## Data extracted from a collection:
----------------------------------------

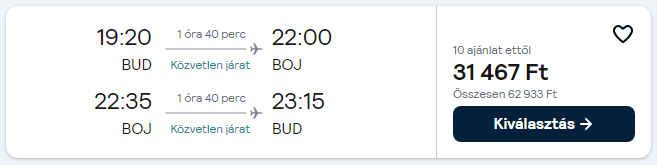 Repülőjegy + szállás reggelivel = 87.735 Ft/fő
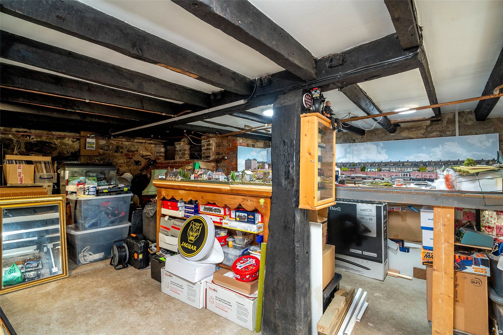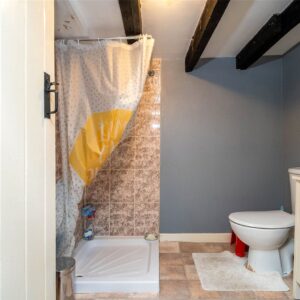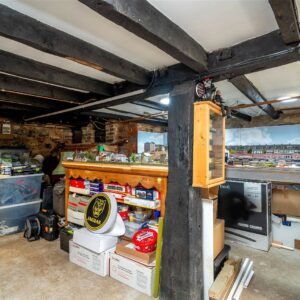 From the kitchen, steps lead down to a characterful conservatory with exposed stone walls and access to a useful walk-in store. This lower ground level also benefits from a separate shower room and a generous utility/storage room with plumbing for laundry appliances.
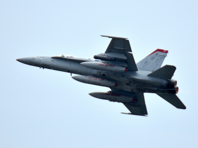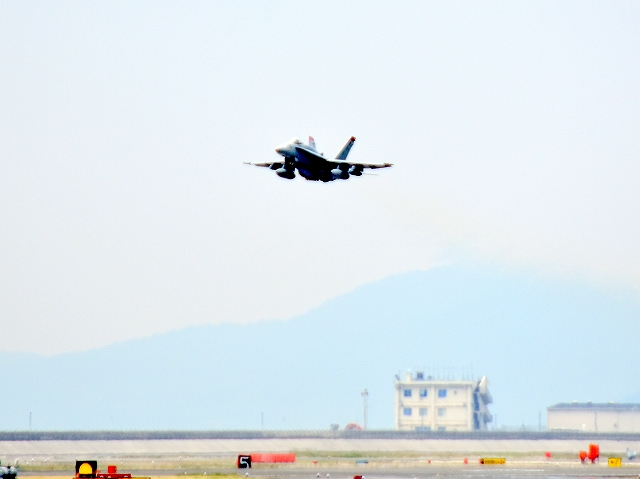 米海兵隊 F/A-18C ホーネット 戦闘攻撃機(岩国基地)、WT、06番機が離陸 |
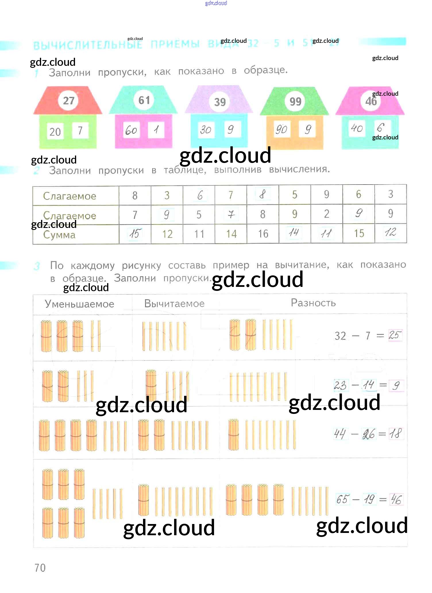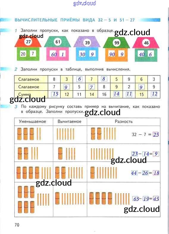 Ответ на задание 70 Рабочая тетрадь Математика за 2 (второй) класс Дорофеев, Миракова, Бука Перспектива 2015 Часть 1, 2
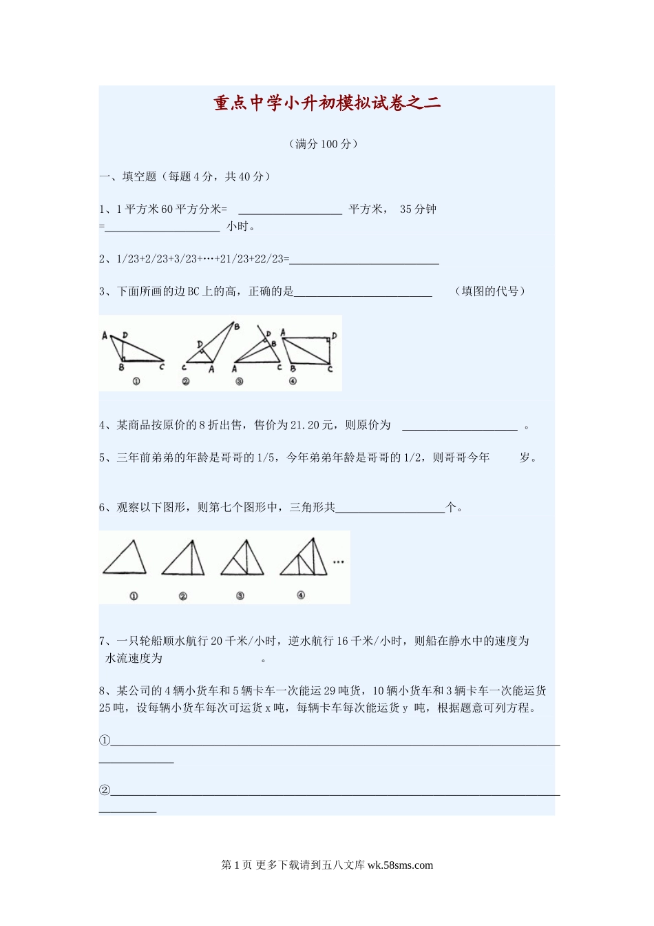 重点中学小升初模拟试卷之二(满分100分)一、填空题(每题4分,共40分)1、1平方米60平方分米=平方米,35分钟=小时。2、1/23+2/23+3/23+…+21/23+22/23=3、下面所画的边BC上的高,正确的是(填图的代号)4、某商...

----------------------------------------

## PROBLEM TO SOLVE:
Please set down the lines from the one with "米海兵隊 F/A-18C ホーネット 戦闘攻撃機(岩国基地)、WT、06番機が離陸 |" to the end of the entries above, exactly as they are, and drop every picture.

## YOUR SOLUTION:
 米海兵隊 F/A-18C ホーネット 戦闘攻撃機(岩国基地)、WT、06番機が離陸 |
 Ответ на задание 70 Рабочая тетрадь Математика за 2 (второй) класс Дорофеев, Миракова, Бука Перспектива 2015 Часть 1, 2
 重点中学小升初模拟试卷之二(满分100分)一、填空题(每题4分,共40分)1、1平方米60平方分米=平方米,35分钟=小时。2、1/23+2/23+3/23+…+21/23+22/23=3、下面所画的边BC上的高,正确的是(填图的代号)4、某商...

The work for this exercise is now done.